Thursday 29 June 2017

The Politics of Contempt

It's Entertaining, To Say the Least

Bret Stephens has written a piece in the NY Times entitled, Democrats and the Losing Politics of Contempt.  He was reflecting upon the recent by-election in Georgia’s Sixth Congressional District.  The former incumbent, Tom Price had joined the Trump Administration.  The vacant seat needed to be filled: hence, the fresh election.

The Great White Hope for the Democrats lost to the Republican.  True, this was a strong Republican district.  It was mainly white and gentrified.  But the hope was that folk would be so off-put by the discombobulation of Trumpism that an electoral upset might be likely.  The Democrats certainly threw all but the kitchen sink at the challenge.  No dice.  Republican Karen Handel was duly elected.
Stephens' analysis included a breath of cold caution to the Democratic Party.  Included was this:

Whatever else might be said about the race, Democrats didn’t lose for lack of political talent, campaign financing and organization or enthusiasm among their base. They lost because of their brand. . . . Contemporary liberalism now expresses itself chiefly in the language of self-affirmation and moral censure: of being the party of the higher-minded; of affixing the suffix “phobe” to millions of people who don’t appreciate being described as bigots.

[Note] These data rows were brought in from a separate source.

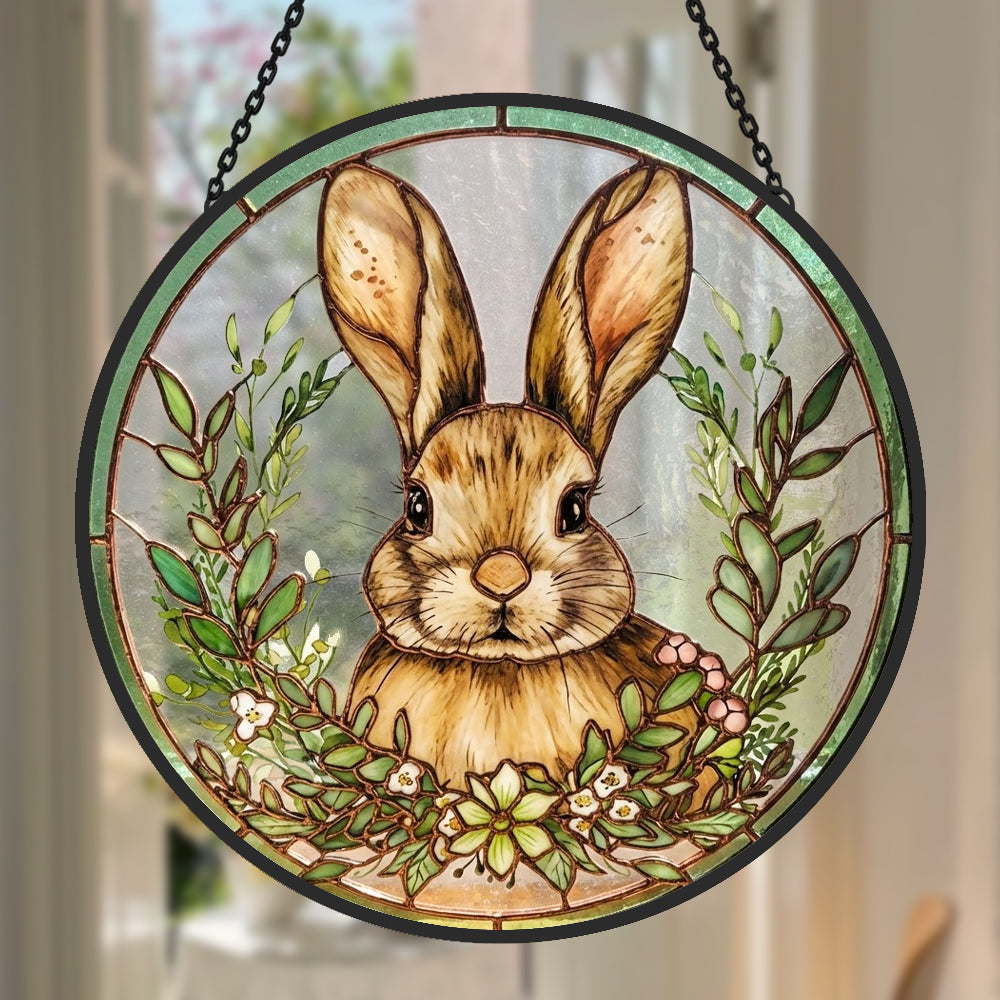 Lapin de Pâques et Fleur Attrape-Soleil en Vitrail - Décoration Suspendue pour Fenêtre
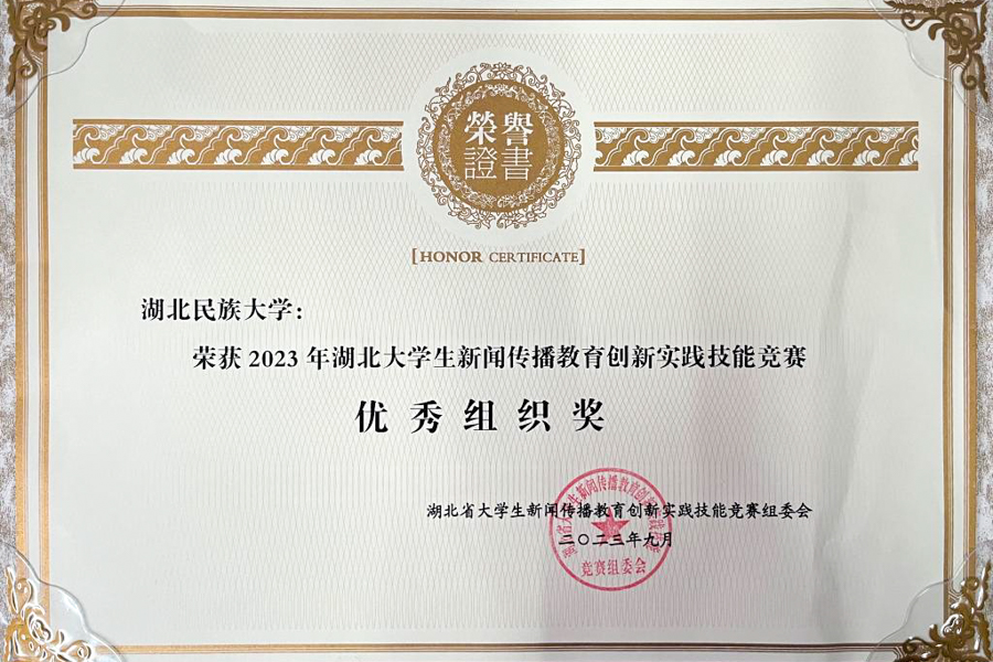 在2023年湖北大学生新闻传播教育创新实践技能竞赛颁奖典礼上,365电子娱乐官方网站学子的新闻实践作品在赛事中再创佳绩,共获省级一等奖4项、二等奖4项、三等奖3项,位居全省高校前列,省属高校第一,365电子娱乐官方网站荣获2023年湖北大学生新闻传播教育创新实践技能竞赛“优秀组织奖”。
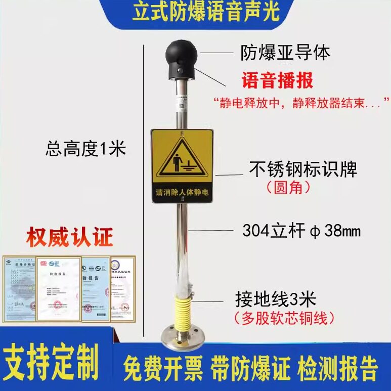 📚 标安人体静电释放器防爆语音声光数显工业智能人体静电消除仪器柱
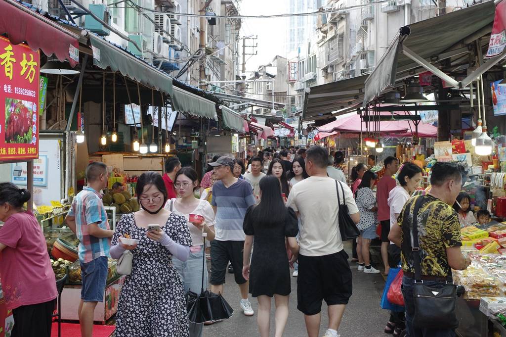 第八市场人潮如织,看模样似乎外地游客比本地买菜的人还多

It’s intolerable. It’s why so many well-educated Republicans who find nothing to admire in the president’s dyspeptic boorishness find even less to like in his opponents’ snickering censoriousness. It’s why a political strategy by Democrats that seeks to turn every local race into a referendum on Trump is likely to fail.
He also has a word of caution for the Democrats fixation on finding Trump guilty of being a Russian stool pigeon.
Democrats may also want to reconsider the wisdom of pursuing, and hyping, the investigation into Russia’s election meddling as a means of re-litigating last year’s election. Maybe Robert Mueller will uncover evidence of collusion between Russia and the Trump campaign, or otherwise catch the president in a lie under oath.

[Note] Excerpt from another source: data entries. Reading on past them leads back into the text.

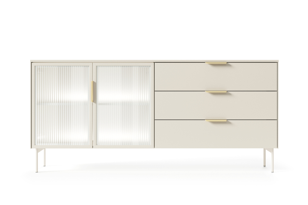 Komoda z kolekcji Lumi to mebel, który wprowadza do Twojego wnętrza elegancję. Materiał który zastosowano w produkcji to płyta laminowana, mdf, szkło ornamentowe-hartowane. Cały urok dodają metalowe nóżki i złoty uchwyt. Kupując meble z tej kolekcji możesz być pewien że masz w swoim domu nowoczesność, luksusową kompozycję.
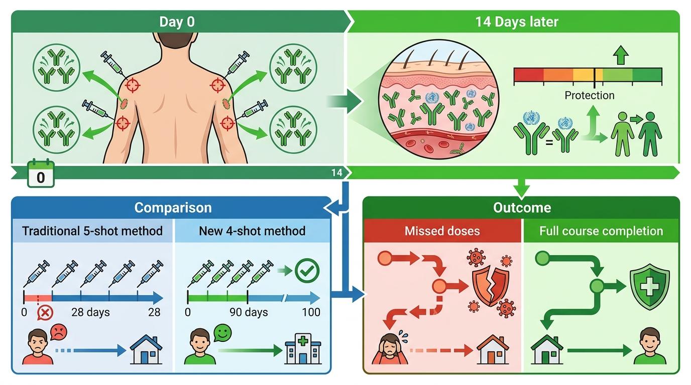 这种4针法的核心,是在第0天就给皮肤的四个不同部位各打一针,相当于同时激活四组「侦察兵」部队。临床数据显示,接种后14天,所有受试者的中和抗体水平都达到了WHO规定的保护阈值(≥0.5 IU/mL),和传统5针肌内注射的效果完全相当。更关键的是,它把原本28天的接种周期压缩到了90天内的4次就诊,减少了患者跑医院的次数,也降低了因为嫌麻烦而漏种的风险——对那些住在偏远地区、或者时间紧张的人来说,这可能就是「能完成全程接种」和「功亏一篑」的区别。
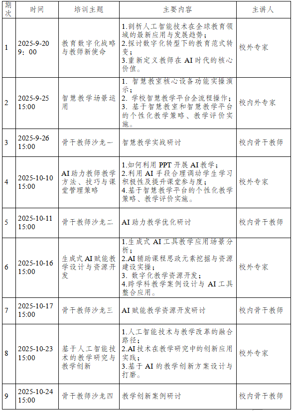 2025年9月—2025年10月,采用“集中授课+沙龙研讨+实践应用”的混合式培训模式。
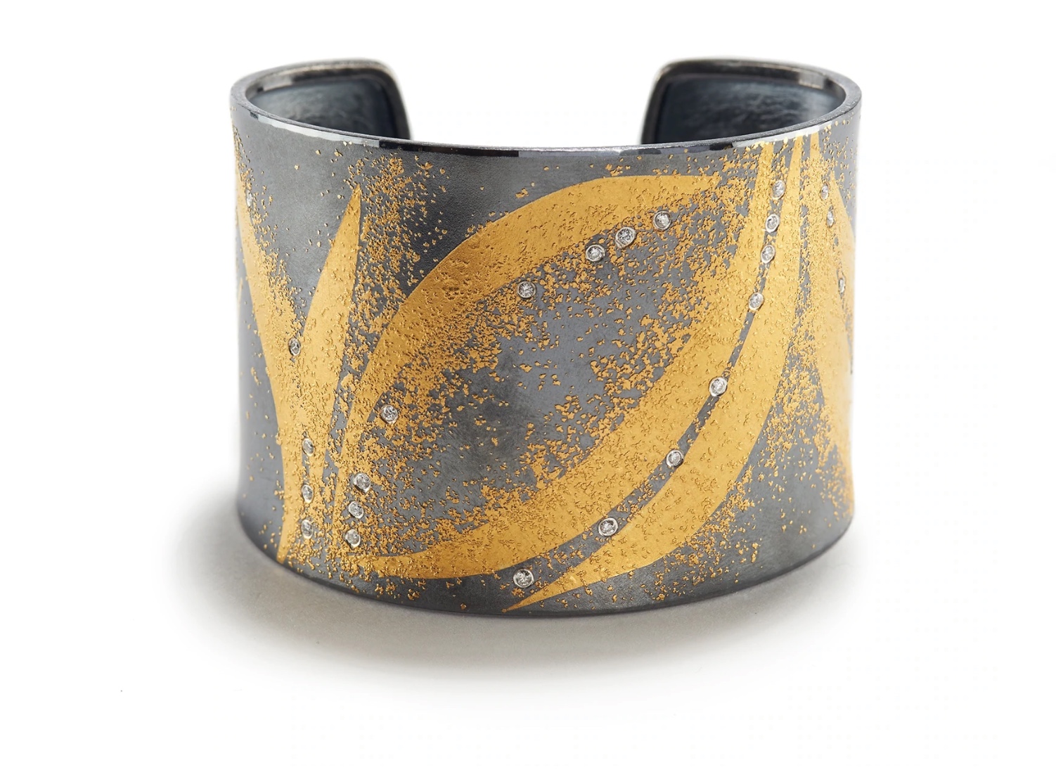 “Peter Schmid of Atelier Zobel paints an exquisite picture in luscious, wearable adornment. Fluttering gold strokes grace the darkened surface of sterling silver, creating a beauty of contrast, value and shapely disposition. Dusted with specks of high karat gold, texture commands the fascinating composition. Faintly touched with accents of sparkling white diamonds, they drift along the graceful, curvaceous, golden forms. Skillfully devised, the piece seamlessly slides onto the wrist and fits like a glove. Twisting the turning, the hand is not stiff, nor the wrist constrained. Gilded, tantalizing charm, Schmid continues totempt us withintriguing design and provocative allurewith hisextraordinary artistic imagination.”

But the longer the investigation proceeds without finding convincing evidence of malfeasance, the likelier Americans will draw the conclusion that Trump is right to call the investigation a witch hunt and begin to sympathize with him. Nobody likes a Javert. It happened for Bill Clinton in 1998 in his duel with Ken Starr. 
Herein lies a conundrum.  It is precisely the culture of self-righteous bigot-phobia which will not allow the Democrats to give up on insisting that Trump was, and is, an enemy of the state.   In sport this is what is known as "scoring an own-goal".  Evidently this must have been Trump's cunning plan all along.